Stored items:
================

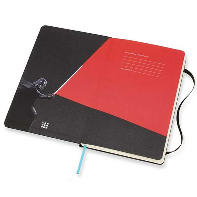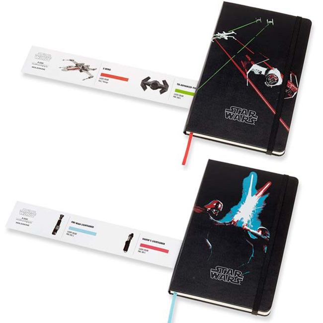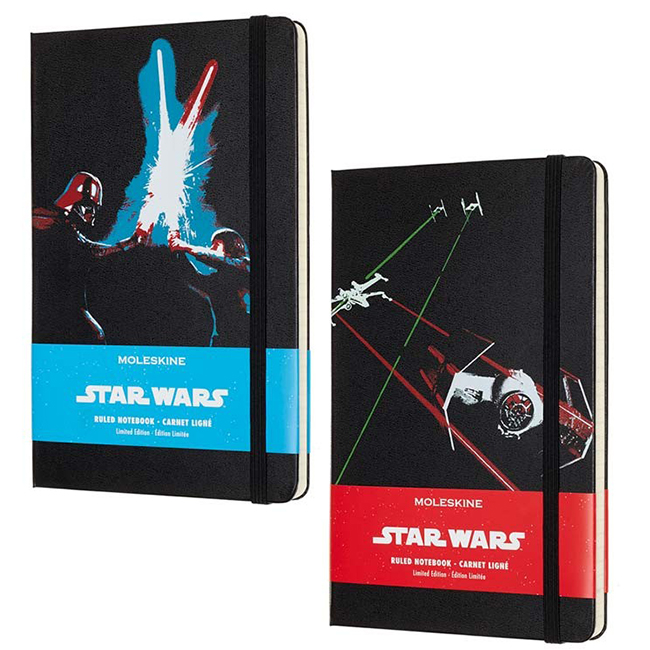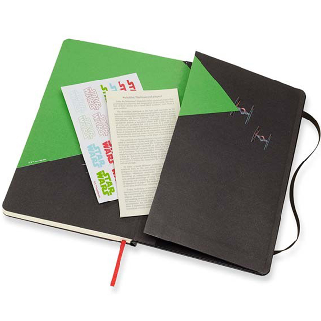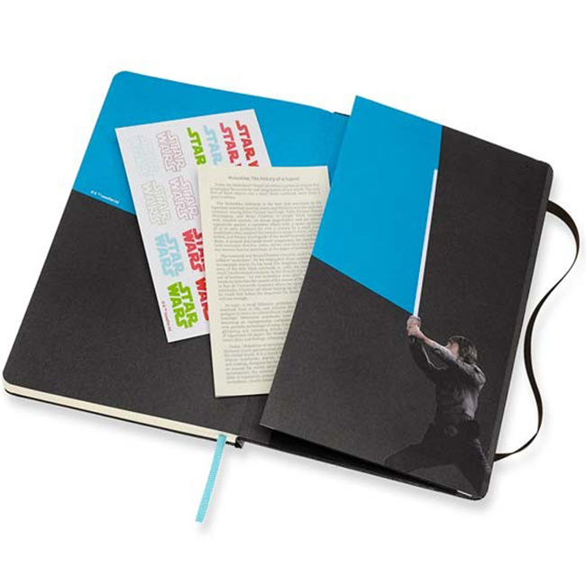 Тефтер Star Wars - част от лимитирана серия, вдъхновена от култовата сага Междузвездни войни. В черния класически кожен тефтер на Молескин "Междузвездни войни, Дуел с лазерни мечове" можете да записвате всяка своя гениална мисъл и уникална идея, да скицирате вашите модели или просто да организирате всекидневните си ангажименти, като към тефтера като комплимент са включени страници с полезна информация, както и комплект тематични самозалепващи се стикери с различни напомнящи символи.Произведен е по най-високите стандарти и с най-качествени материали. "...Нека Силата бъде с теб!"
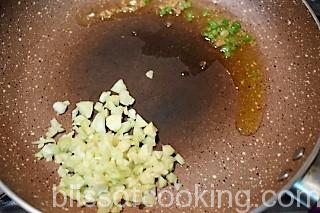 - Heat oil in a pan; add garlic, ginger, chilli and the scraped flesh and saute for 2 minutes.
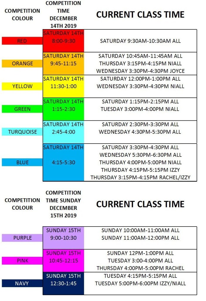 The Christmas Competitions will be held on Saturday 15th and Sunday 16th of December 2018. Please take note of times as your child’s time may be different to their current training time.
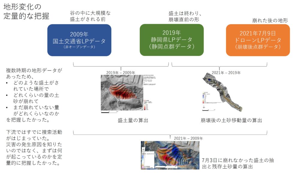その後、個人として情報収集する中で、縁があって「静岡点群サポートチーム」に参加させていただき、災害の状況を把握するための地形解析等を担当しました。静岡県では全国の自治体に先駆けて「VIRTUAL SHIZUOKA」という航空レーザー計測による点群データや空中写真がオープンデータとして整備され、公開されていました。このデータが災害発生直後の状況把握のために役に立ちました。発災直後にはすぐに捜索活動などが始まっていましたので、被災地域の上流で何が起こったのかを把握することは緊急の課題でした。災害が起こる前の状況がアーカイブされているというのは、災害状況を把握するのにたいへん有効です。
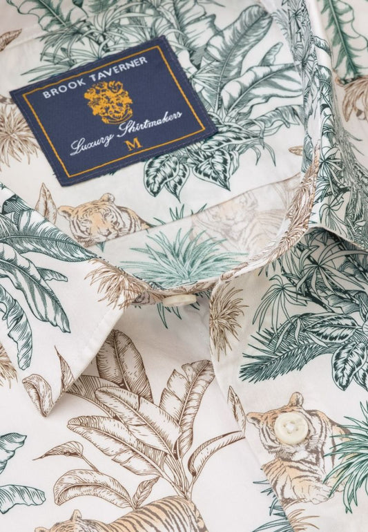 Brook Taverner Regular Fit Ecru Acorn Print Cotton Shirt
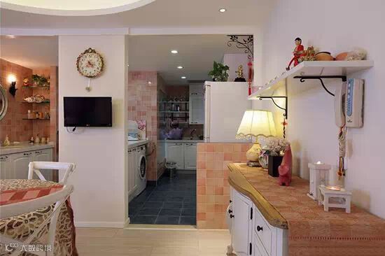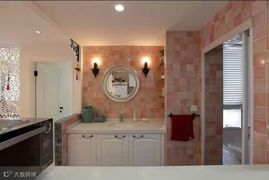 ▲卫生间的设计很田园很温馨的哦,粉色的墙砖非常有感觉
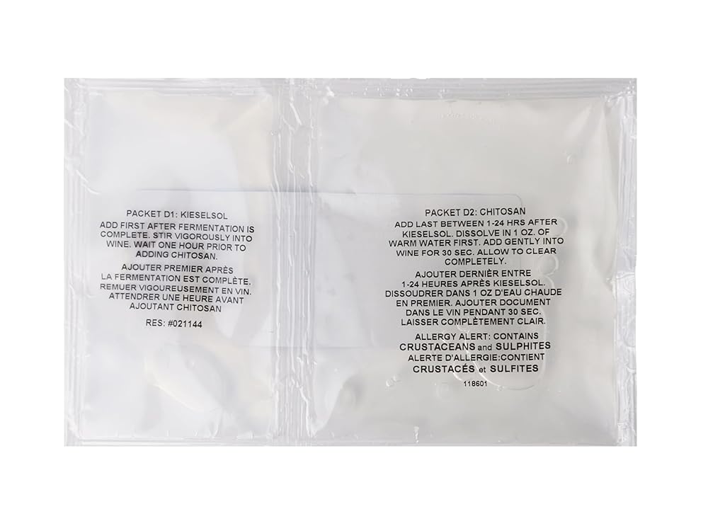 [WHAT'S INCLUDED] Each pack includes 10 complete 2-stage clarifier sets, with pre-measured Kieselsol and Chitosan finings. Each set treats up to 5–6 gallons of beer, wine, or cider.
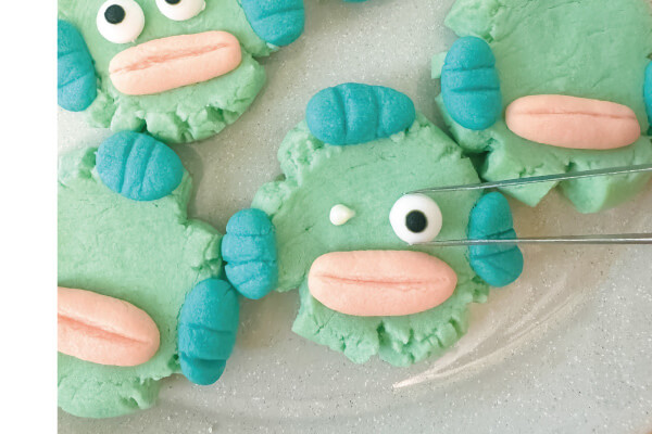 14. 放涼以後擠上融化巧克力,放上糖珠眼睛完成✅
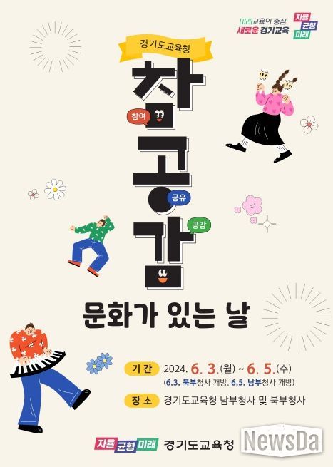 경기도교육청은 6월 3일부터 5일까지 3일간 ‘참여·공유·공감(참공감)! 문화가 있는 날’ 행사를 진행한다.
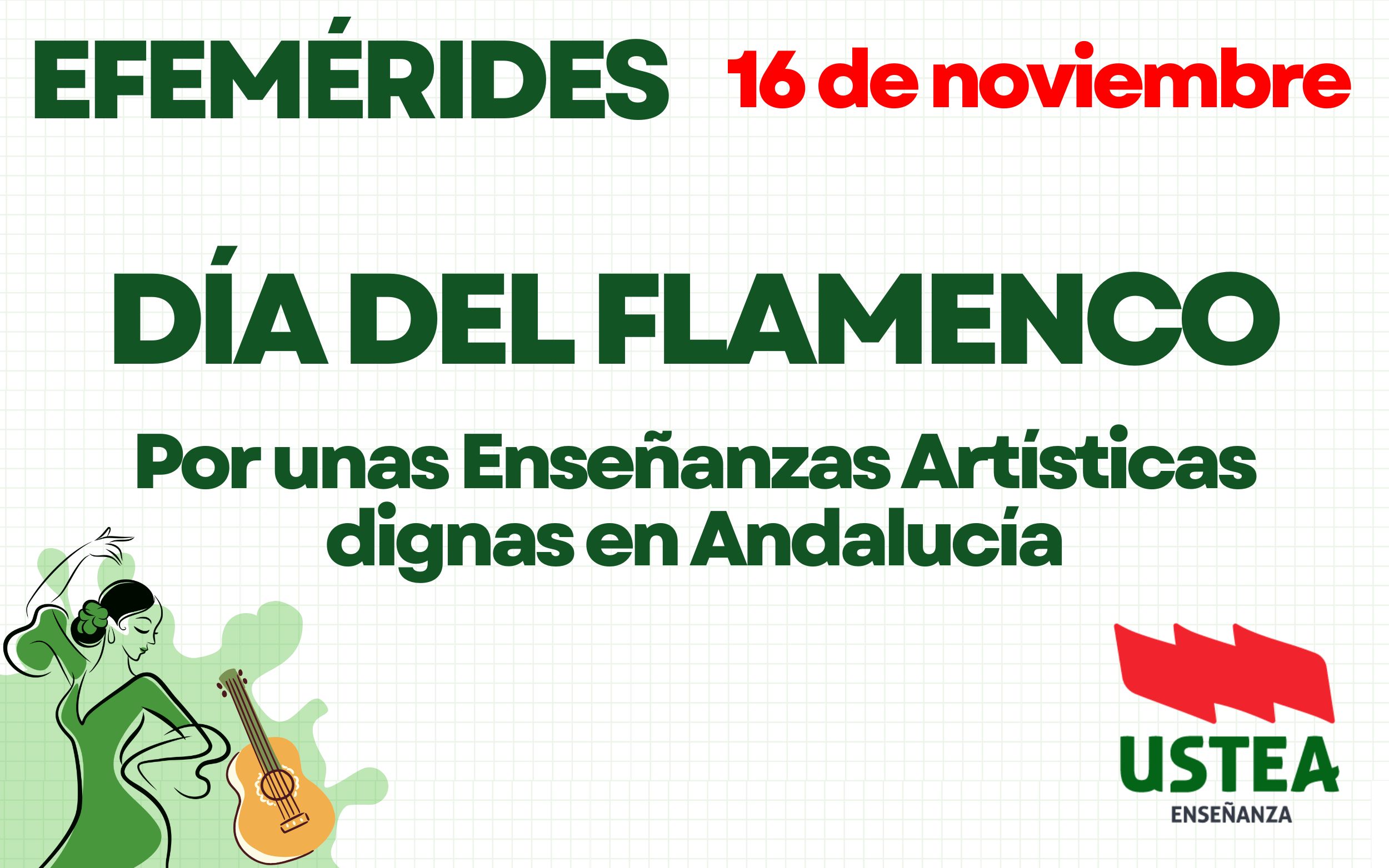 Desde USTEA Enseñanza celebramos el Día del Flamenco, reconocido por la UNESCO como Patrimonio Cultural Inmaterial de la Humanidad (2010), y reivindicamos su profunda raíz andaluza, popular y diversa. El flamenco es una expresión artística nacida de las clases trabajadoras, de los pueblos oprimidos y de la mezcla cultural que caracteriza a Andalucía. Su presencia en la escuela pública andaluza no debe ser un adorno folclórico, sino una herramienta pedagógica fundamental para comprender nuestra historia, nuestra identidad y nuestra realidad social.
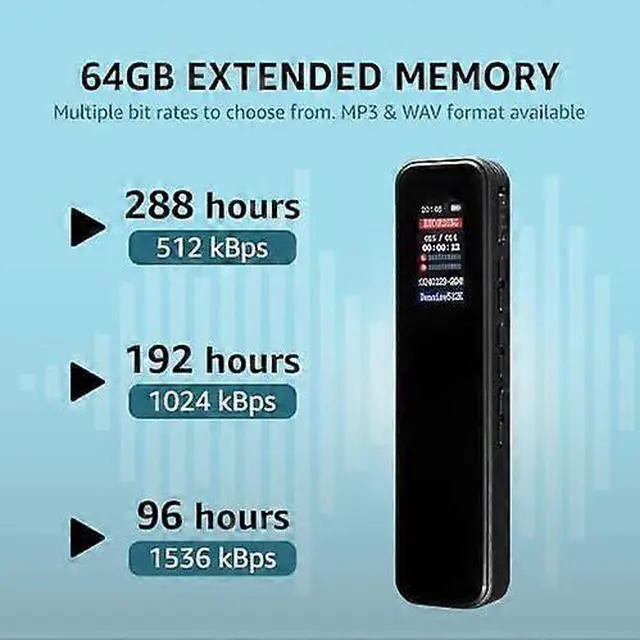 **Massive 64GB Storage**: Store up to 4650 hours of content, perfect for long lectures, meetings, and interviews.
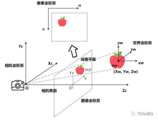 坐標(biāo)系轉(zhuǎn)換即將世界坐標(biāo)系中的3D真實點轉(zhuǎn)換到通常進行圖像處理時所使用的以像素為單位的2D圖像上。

================

**About this exercise**
Repeat exactly the lines in the entries from the one containing "[WHAT'S INCLUDED] Each" to the final line, inclusive, and nothing beyond them; skip pictures.

**Solved problem**
 [WHAT'S INCLUDED] Each pack includes 10 complete 2-stage clarifier sets, with pre-measured Kieselsol and Chitosan finings. Each set treats up to 5–6 gallons of beer, wine, or cider.
 14. 放涼以後擠上融化巧克力,放上糖珠眼睛完成✅
 경기도교육청은 6월 3일부터 5일까지 3일간 ‘참여·공유·공감(참공감)! 문화가 있는 날’ 행사를 진행한다.
 Desde USTEA Enseñanza celebramos el Día del Flamenco, reconocido por la UNESCO como Patrimonio Cultural Inmaterial de la Humanidad (2010), y reivindicamos su profunda raíz andaluza, popular y diversa. El flamenco es una expresión artística nacida de las clases trabajadoras, de los pueblos oprimidos y de la mezcla cultural que caracteriza a Andalucía. Su presencia en la escuela pública andaluza no debe ser un adorno folclórico, sino una herramienta pedagógica fundamental para comprender nuestra historia, nuestra identidad y nuestra realidad social.
 **Massive 64GB Storage**: Store up to 4650 hours of content, perfect for long lectures, meetings, and interviews.
 坐標(biāo)系轉(zhuǎn)換即將世界坐標(biāo)系中的3D真實點轉(zhuǎn)換到通常進行圖像處理時所使用的以像素為單位的2D圖像上。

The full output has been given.